If you’re in San Pedro and you don’t have time to visit the bodega, then you can find their wines in some of the liquor shops in San Pedro and two restaurants: Bar y Restaurante Caracoles and El Toconar.
When I first visited San Pedro in 2018, they did not have a bodega to welcome tourists. Now, they can host visitors in their bodega in Toconao (about 20 minutes from San Pedro). They have 3 tours: The Ayllu Tour (25k pesos) includes a visit of the bodega & tasting 3 wines. The Haalar Tour (35k) includes a visit of a vineyard & 4 wines. The Sila Ckibur Tour (45k) adds meeting llamas to the visit. Buying the wine at the bodega is also cheaper than in Santiago. Remember that local flights in Chile allow you to bring bottles as carry-on.
Tasting Notes
2024 Rose
Screw cap. 50% Cabernet Franc, 50% Petit Verdot. Only 1,330 bottles made. They say it’s flamingo color (flamingoes are a frequent guest in some of the lagoons around San Pedro). Juicy and fresh but also a lot of body and structure for a rosé. More dark cherry than say light strawberries. 91
2024 Naranjo
Screw cap. 90% Old Vine Moscatel de Alejandria + 10% Moscatel Rosada. 1,400 bottles made. Native yeasts. Not quite orange. More golden. Citrus, floral and leafy. Fuller and rounder compared to the rosé. Less acid but still medium acid. Soft tannins. Ripe and fruity up front with a long more savory and spicy finish. Quite clean and pure and less oxidative than many orange wines. 91
2022 Ensamblaje Tinto
65% Malbec, 23% Pais, 12% Petit Verdot; 2,660 bottles made.
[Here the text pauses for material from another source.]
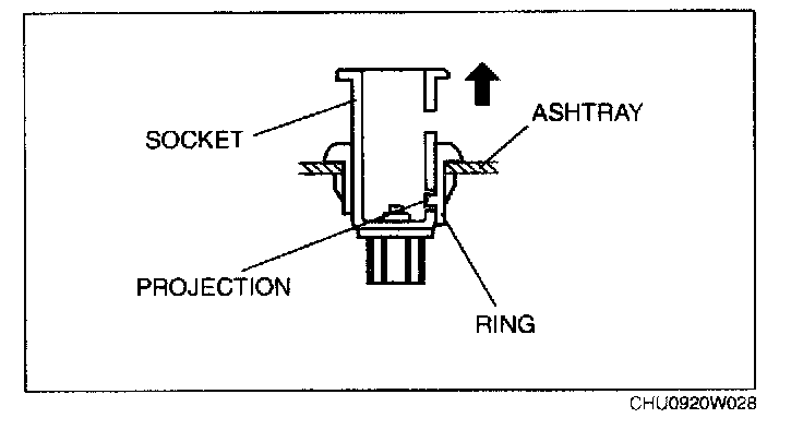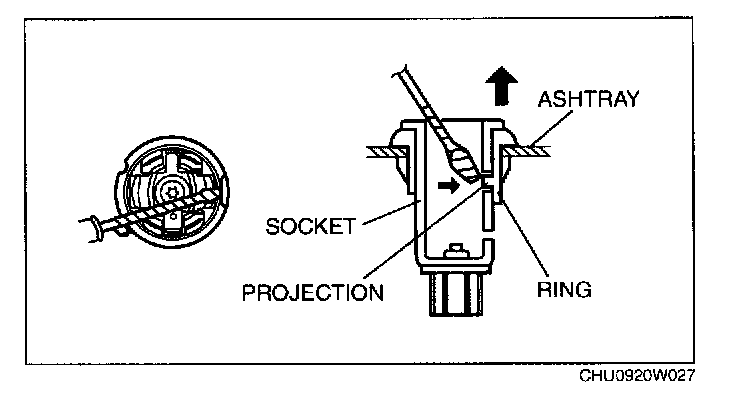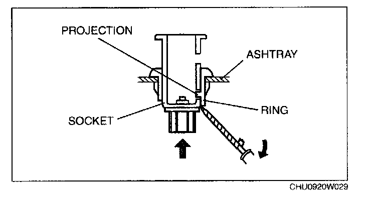 3. From the rear of the ashtray, insert a tape-wrapped flathead screwdriver between the socket and the ring as shown in the figure.

Amphora aged. Nose of dark plum and dried prunes. Some red fruit. Some herbal and medicinal notes. Full-bodied. Medium tannins. Medium+ acid. Juicy and fruit-driven. Fresh. Only stainless steel. This is so much more elegant and fresh compared to the 2020 which I reviewed here 4 years ago. There’s still a touch of dried fruit from the desert heat, but this is much more balanced and fresher. Before I relegated it to something to have with local game like llamas or guanacos, which are chewy and sinewy–both were just decent local novelty things to have in the region but unrefined. Now, I think this is worthy of higher quality meat and BBQ. However, local guanaco meat is still too chewy. 91
2022 Haalar Etiqueta Negra (Black Label)
Haalar means ‘star’ in Kunza, so both their Haalar labels cost a bit more. 80% Syrah, 10% Malbec, 6% Petit Verdot, 4% Cabernet Franc; 2,660 bottles made. Dark fruit, more savory olives and meaty than the last one with all the Syrah. Darker, a bit fuller and more tannic but still soft tannins. Medium acid, but still fresh. The other red feels almost tart in comparison. 91+
The wines I didn’t taste: Their white is made with mostly Chardonnay and Chenin Blanc and a bit of Sauvignon Gris. It undergoes mild malolactic fermentation. Their Haalar Etiqueta Blanca (White Label), is a red blend that undergoes oak aging.